いつもの通りを抜けて、住み慣れた我が家に帰る。

アン母さんとおばあさんと私の家。おばあさんは10年のペパーミントの拘置から帰ってきた。戦争の犠牲者だ。アン母さんは生存はあきらめていたと言う。いつも凛としている人、いつもくしゃくしゃの笑顔のアン母さんと大違いだ。

「ただいまあ」

おばあさんが迎える。

「おかえりアニタ」
「また今日も軍事教練かい」

「うん、射撃精度が悪いっていつも怒られるの」

「アニタは私のマネなんかするんじゃないわよ!」

アンがベッドに寝ながら話す。

「お母さん」
「別に戦争に行くと決まったわけじゃないんだから」

「私は誰にも命令されていないのに、自分の意思で人を殺したわ」
「その血があんたにも流れているの」
「人殺しの血がね」

「お母さん」
「そんな悲しいこと言わないでよ」
「アニタは人殺しなんかしないよ」

「人を殺すたびに魂が傷ついてゆくんだよ」
「自分のタマシイが!」

「アン!」
「もう戦争の話は止めておくれよ」

おばあさんがアン母さんをたしなめる。

「平和が一番だよ」
「それはアンにもわかってる」
「でも血の記憶は忘れることができないんだ」
「どこまでも野蛮な血がね」

「お母さん・・・」

「短い間の平和だったけど」
「また世界はキナ臭い臭いがしてるわ」
「なんだろうねえ」
「人間は仲良く暮らすのがヘタクソなのかねえ」

約束があるから早く家を出た。
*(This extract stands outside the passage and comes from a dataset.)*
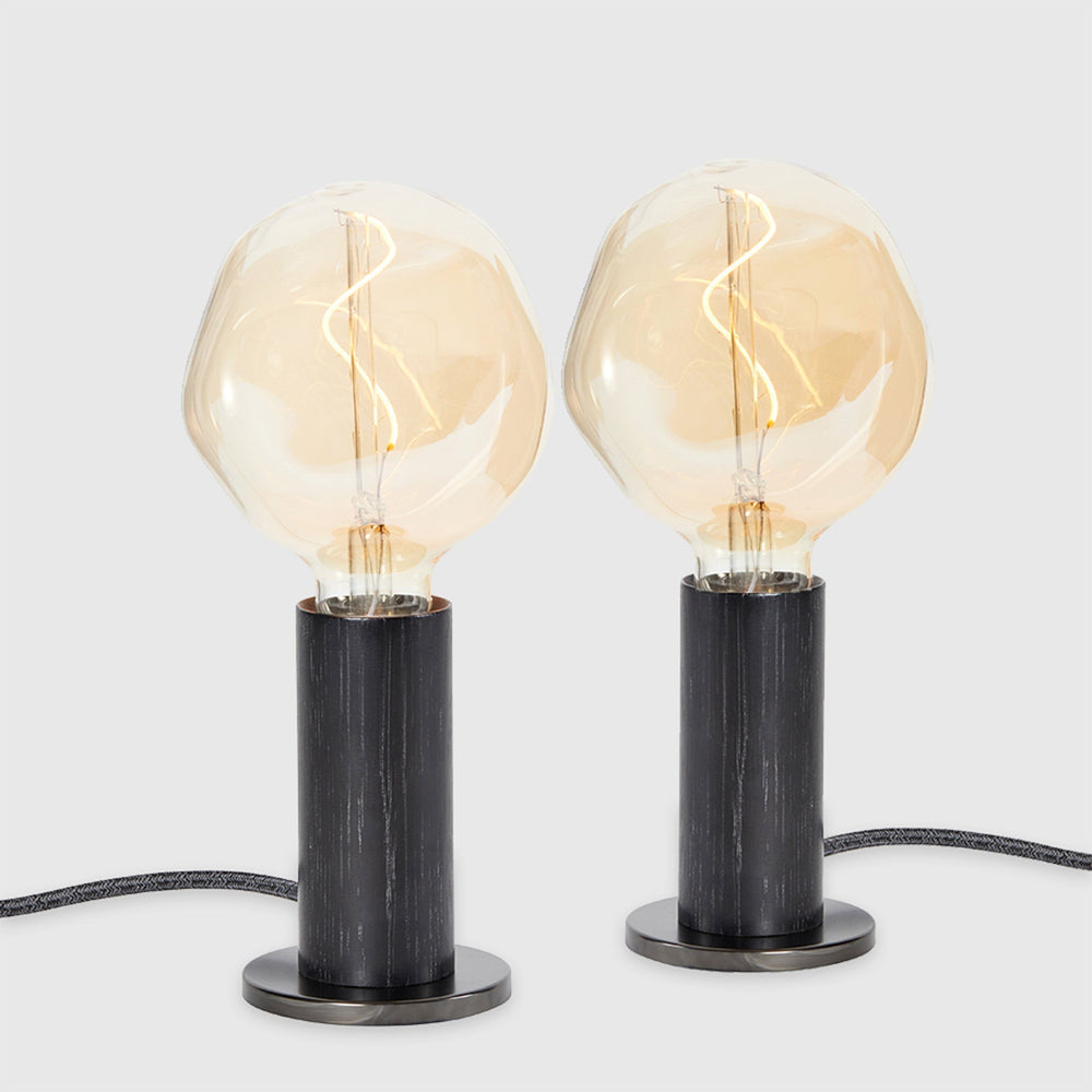 Made from solid wood and a satin brass or gun metal base, Knuckle Table Lamps set the tone for any setting. Each comes complete with a tactile in-line dimmer and pairs perfectly with any of our E27 LED bulbs.

黄昏の時刻、外はオレンジ色に染まる。木々や空が黄昏色になる。
私の一番好きな時間、毎日飽きることなく、夕日を見て感動している。
今日一日を生きたご褒美に、誰にでもきれいな夕焼けを見せてくれる。それは太陽さんの優しさ。
灼熱に一瞬で焼き殺すことも出来るし、低温に一瞬で凍死させることも出来るのに。